论文标题 FRESCO: Spatial-Temporal Correspondence for Zero-Shot Video Translation code link

FRESCO方法是不需要对模型进行重新训练，通过修改attention模块以及利用光流方法从而保证视频的稳定性，这一点实际上与ControlVedio模型是结构非常详细的。这里面有很多值得借鉴的内容，已经有人对论文的整体内容做过解读link，本文主要来分析他们是如何实现对应的模块的。

程序结构

FRESCO程序是在controlnet模型的基础上进行修改的，我们可以看到模型上面有feature optimization以及FreSCo-guided attention模块。其中feature optimization是用来增强视频的时间和空间上的稳定性，而FreSCo-guided attention模块用不同的attention模块将信息组合起来。

feature optimization

论文作者将优化目标定义为 $\hat{f}\ = argmin(\mathcal{L}_{\text {spat }}(\mathbf{f}) +\mathcal{L}_{\text {temp }}(\mathbf{f}) )$ ，我们的优化目标有空间部分，以及时间部分，对应的公式分别为：
$\mathcal{L}_{\text {spat }}(\mathbf{f})=\lambda_{\text {spat }} \sum_{i}\left\|\tilde{f}_{i} \tilde{f}_{i}^{\top}-\tilde{f}_{i}^{r} \tilde{f}_{i}^{r \top}\right\|_{2}^{2}$

$\mathcal{L}_{\text {temp }}(\mathbf{f})=\sum_{i}\left\|M_{i}^{i+1}\left(f_{i+1}-w_{i}^{i+1}\left(f_{i}\right)\right)\right\|_{1}$

我们首先来看一下空间部分的程序是怎样实现的：

空间一致性

作者希望通过比较原始的feature f 添加了noise之后的feature $f^{r}$ 去进行比较，来提高时空一致性。因此需要去分别计算f 以及 $f^{r}$ 地余弦相似度。我们需要首先进行归一化处理得到 $\tilde{f}_{i}$ ，随后计算gram矩阵，也就是与余弦相似度 $\tilde{f}_{i} \tilde{f}_{i}^{\top}$ 。

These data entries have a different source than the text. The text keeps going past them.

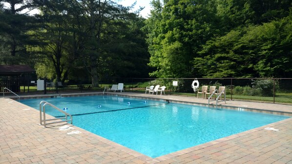 The master bedroom is on the 1st floor with a queen bed, full bath (double sinks), ceiling fan and a small flat screen TV. The kitchen is also on the 1st floor, fully stocked with dishes, silverware, pots/pans, coffee maker, blender and more. The family room has a flat screen TV with cable/wifi, wireless internet, a propane wood stove and a ceiling fan. Upstairs is the 2nd bedroom with a queen bed and ceiling fan. There is a full bath (double sinks) in the hallway. The 3rd bedroom has 2 twin beds and a half bath.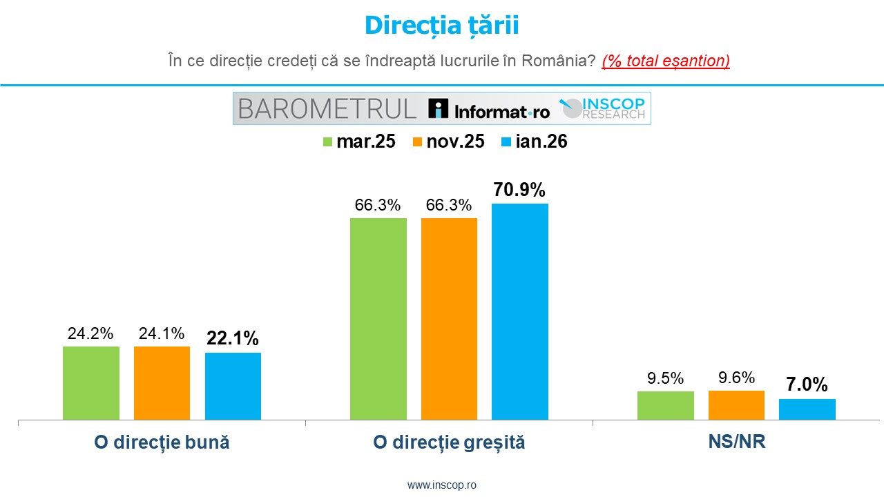 Pentru mai multe detalii: https://www.radiocluj.ro/2026/01/23/sondaj-7-din-10-romani-cred-ca-tara-merge-intr-o-directie-gresita/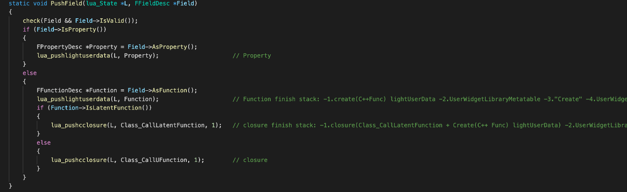 注册成员反射描述信息后,我们已经有了对应成员名的反射数据FFunctionDesc/FPropertyDesc,这样我们无论是访问成员变量还是函数都方便了许多,先将反射数据压入栈中,函数入口:

# spatial consistency loss
if attention_probs is not None and intra_weight > 0:
   cs_vector = rearrange(cs, "b f c h w -> (b f) (h w) c")
   #attention_scores = torch.bmm(cs_vector, cs_vector.transpose(-1, -2))
   #cs_attention_probs = attention_scores.softmax(dim=-1)
   cs_vector = cs_vector / ((cs_vector ** 2).sum(dim=2, keepdims=True) ** 0.5)
   cs_attention_probs = torch.bmm(cs_vector, cs_vector.transpose(-1, -2))
   tmp = F.l1_loss(cs_attention_probs, attention_probs) * intra_weight
   loss = tmp + loss

首先是对数据进行维度变换为 $(bf)（hw）c$ ,即将每个batch和帧中的特征拉平为一个向量，为了方便后续去计算相似矩阵。

cs_vector = rearrange(cs, "b f c h w -> (b f) (h w) c")

随后我们对矩阵cs_vector去进行归一化处理，并使用torch.bmm计算得到相似性矩阵cs_attention_probs。

cs_vector = cs_vector / ((cs_vector ** 2).sum(dim=2, keepdims=True) ** 0.5)
cs_attention_probs = torch.bmm(cs_vector, cs_vector.transpose(-1, -2))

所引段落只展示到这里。